Objective. In November 2015, a 15-year-old boy received a diagnosis of Ebola virus disease (EVD) at the John F. Kennedy Medical Center in Monrovia, Liberia. Two additional family members received a diagnosis of EVD. The protocol for a phase 2 placebo-controlled trial of 2 Ebola vaccines was amended and approved; in 4 days, a single-arm cluster vaccination trial using the Merck rVSV Delta G-ZEBOV-GP vaccine was initiated. Here, we evaluate the safety and immunogenicity of the vaccine and discuss challenges for its implementation in a small Ebola outbreak. Method. We conducted a ring vaccination study among contacts and contacts of close contacts of EVD cases a in Monrovia. Participants were evaluated 1 and 6 months after vaccination. Results. Among 650 close contacts and contacts of close contacts of EVD cases, 210 (32%) consented and were vaccinated with rVSV Delta G-ZEBOV-GP. Of those vaccinated, 189 (90%) attended the month 1 follow-up visit; 166 (79%) attended the month 6 visit.

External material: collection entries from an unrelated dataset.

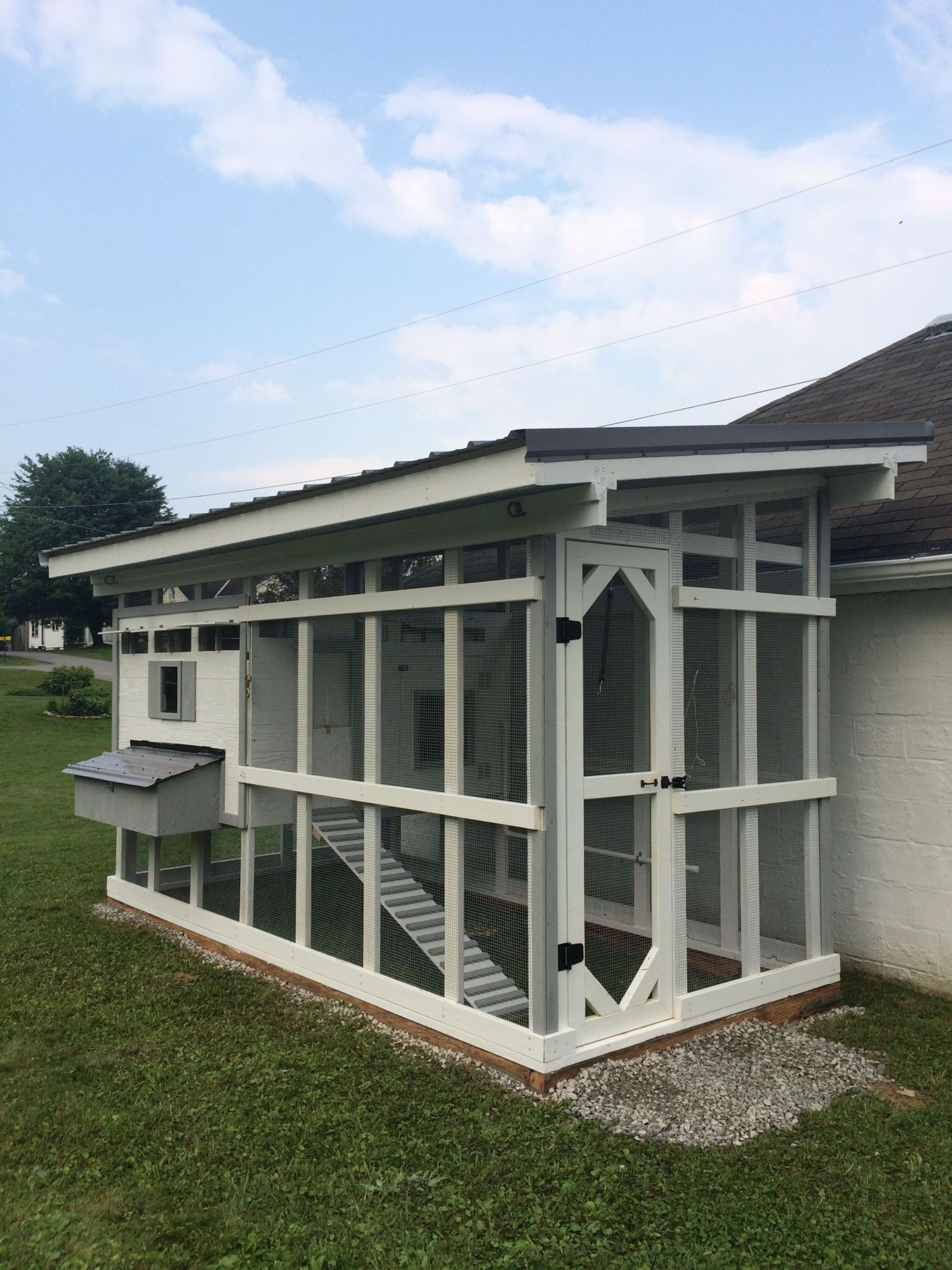 The coop was just installed on June 30, 2015. Will post pics of the inside soon. Features nipple watering system, pvc feeders, roosts, 4 nesting boxes, windows and vents on all sides.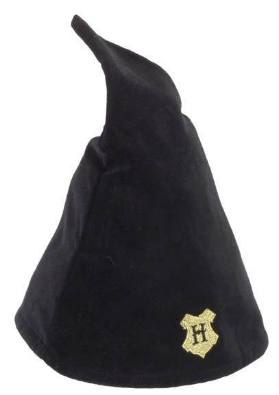 This is a velvet like fabric hat which features the Hogwarts School crest embroidered on the side, as seen in the Harry Potter movies. It has a foam lining for stability. This is a new, unworn hat produced by Elope stilled sealed in its original bag with tags attached. It has been stored in a smoke and pet free environment.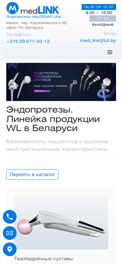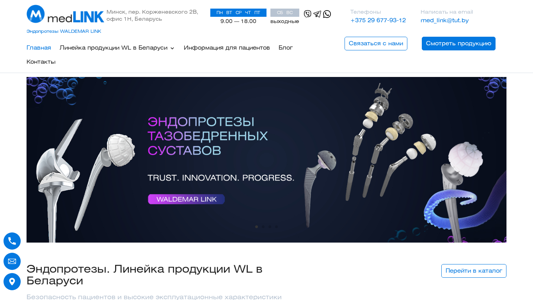 Этот онлайн-ресурс посвящен продаже эндопротезов от компании MedLink в Минске, Беларусь. Он предлагает широкий ассортимент эндопротезов от официального дистрибьютора. Предоставляются контактные данные, включая номер телефона и адрес электронной почты для обращений. Сайт включает разделы по линейке продукции, информации о пациентах, блоге и контактам. Основными категориями являются шиповые суставы, коленные суставы, а также решения для сохранения конечностей. На сайте также представлены индивидуальные решения и части эндопротеза. Продается бренд Waldemar LINK. Сайт работает по будням с 9:00 до 18:00, в выходные дни он закрыт. В контактах указаны номер телефона и адрес электронной почты.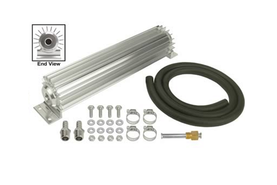 The internal and external cooling fins in these new Derale heat sink transmission coolers provide maximum cooling efficiency without relying on direct airflow. Their compact diameter means that they can be mounted in a variety of locations, such as on the frame rail next to the transmission, directly under the radiator, under the floorboards, etc. The rugged aluminum extrusion features welded ends for long service life, in even the toughest environments. Derale Performance coolers are offered in several lengths with 3/8 in. inlets.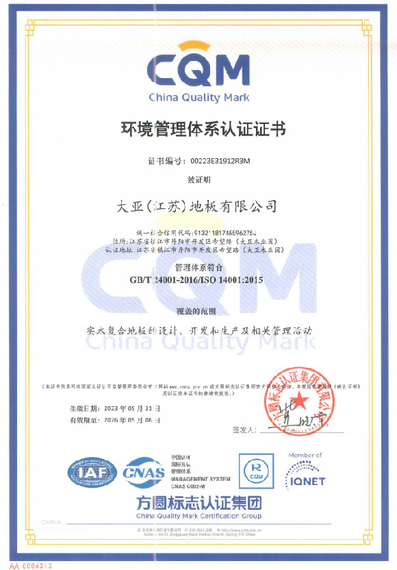 環(huán)境管理體系認證證書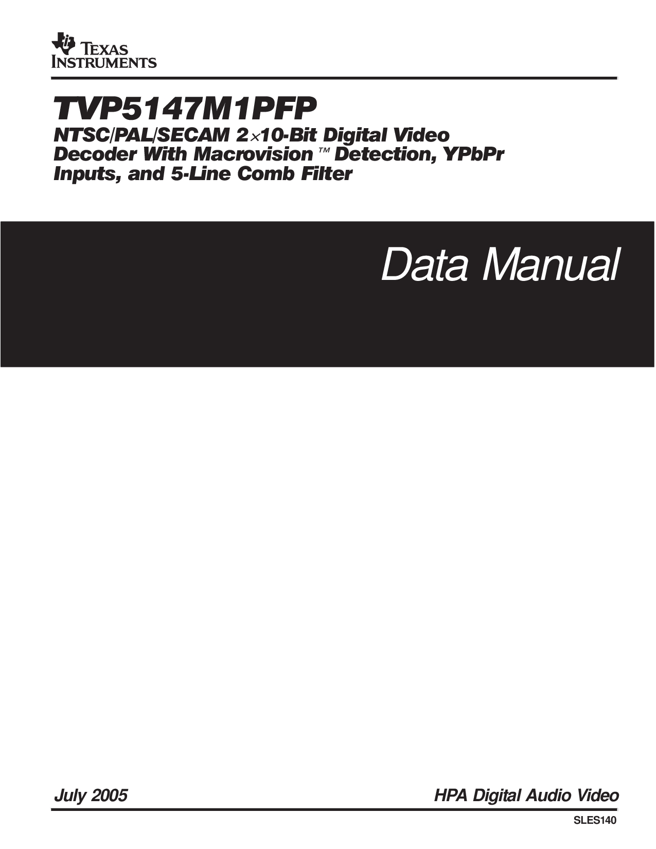 July2005 HPA数字音频视频 数据Manual SLES140 | |

No serious adverse events were reported. Among 88 participants without an elevated antibody level at baseline, 77.3% (95% confidence interval, 68.5-86.1) had an antibody response at 1 month. Conclusions. The Merck rVSV Delta G-ZEBOV-GP vaccine appeared to be safe and immunogenic among the vaccinated individuals. However, fewer than one third of eligible individuals consented to vaccination. These data may help guide implementation decisions for of cluster vaccination programs in an Ebola cluster outbreak response situation.